14.01.2021
Conclusions and Recommendations from the International Conference “From Fragility to Empowerment: 20 years of Women, Peace and Security Agenda in the Western Balkans”, 15 December 2020
Declarations and Recommendations, Recommendations
Conclusions and Recommendations
From the International Conference “From Fragility to Empowerment: 20 years of Women, Peace and Security Agenda in the Western Balkans”, 15 December 2020, online
Organized by RWLSEE and UN Women with support of Swedish Government
1. ADOPTING GENDER EQUALITY AS A STRATEGIC PRIORITY FOR A BETTER WORLD
- Regional Women’s Lobby in South East Europe (RWLSEE) considers that twenty years after the WPS agenda, it is time to strategically focus in ensuring equal and meaningful participation of women in decision making, in governments, formal peace processes as well as in ensuring gender inclusive peacebuilding. This because, it has been documented that women can contribute to achieving more lasting peace, sound democratic governance, and sustainable development.

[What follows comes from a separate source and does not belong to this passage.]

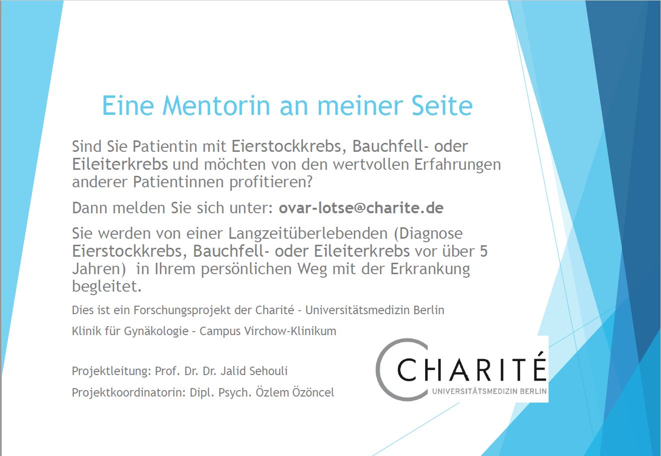 Falls Sie Interesse haben an einer Teilnahme an dem Ovar-Lotsen Projekt, als Mentorin oder Mentee, melden Sie sich bitte bei Dipl. Psychologin Özlem Özöncel unter: ovar-lotse@charite.de

- Recognize the linkage between gender equality and peacebuilding and democratic governance as a mutually constraining and mutually reinforcing processes and, acting systematically to empower women for equal participation in decision making in governance, peacebuilding, and sustainable development for a better future
- Adopt a strategic framework ‘from fragility to empowerment’ to identify gaps and adopt proper policies that will move the region of Western Balkans from current fragile situation into sustainability. It requires to make a shift from gender-blind policies into gender inclusive policies in the areas of peacebuilding, democratic state building, economic development, and European and Euro-Atlantic integration. It would enable to empower women, as a half of human capital, to jointly and equally with men work and decide in addressing and resolving the ongoing issues of unfinished peace, threatened democracy, autocracy, weak justice and rule of law, corruption, weak economy, delayed transitional justice and reconciliation, geopolitical tensions in the post-conflict region of Western Balkans. This would bring hope for the future to youth and entire society and, make them stay and develop their countries rather than search for their future in foreign countries.
- Replace the symbolic representation of women that maintains the existing dynamics of power in the socio-cultural context with the proper involvement of women in the creation, decision-making and implementation of policies in all structures.

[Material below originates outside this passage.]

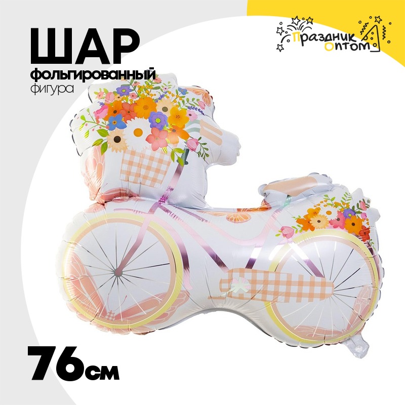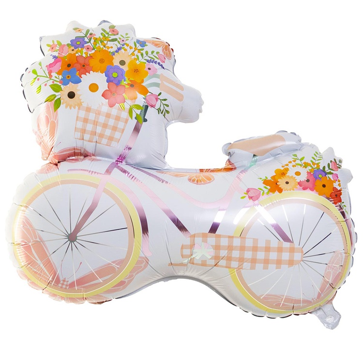 Шар Фольгированный Велосипед с цветами (Бежевый)

- Ensure sincere political will by national and international authorities and policy makers to support politically and financially the goal of empowering women and gender equality to achieve a just, peaceful, and prosperous future.
2. ENSURING WOMEN’S EQUAL AND MEANINGFUL PARTICIPATION IN POLITICS, DECISION MAKING AND PEACEBUILDING
- Ensure equal participation of women at all levels of decision-making in democratic governance, peacemaking, peacebuilding, and sustainable development, in line with the UNSCR 1235, national legal frameworks on gender equality and considering strategic relevance of women as peace drivers and good governance drivers
- Support equal representation of women in governments at national and local levels, if necessary, by adopting quotas. In 20 years since the end of wars in the region and the adoption of UNSCR 1325, women are mostly given a space in parliaments or local assemblies, thanks to quota of 30%, which is not a real empowerment while serves as appeasing to public conscious about gender balance.
- Promote greater motivation and participation of women in political parties, decision making bodies and leadership and, encourage their engagement in the struggle for power to achieve gender equality.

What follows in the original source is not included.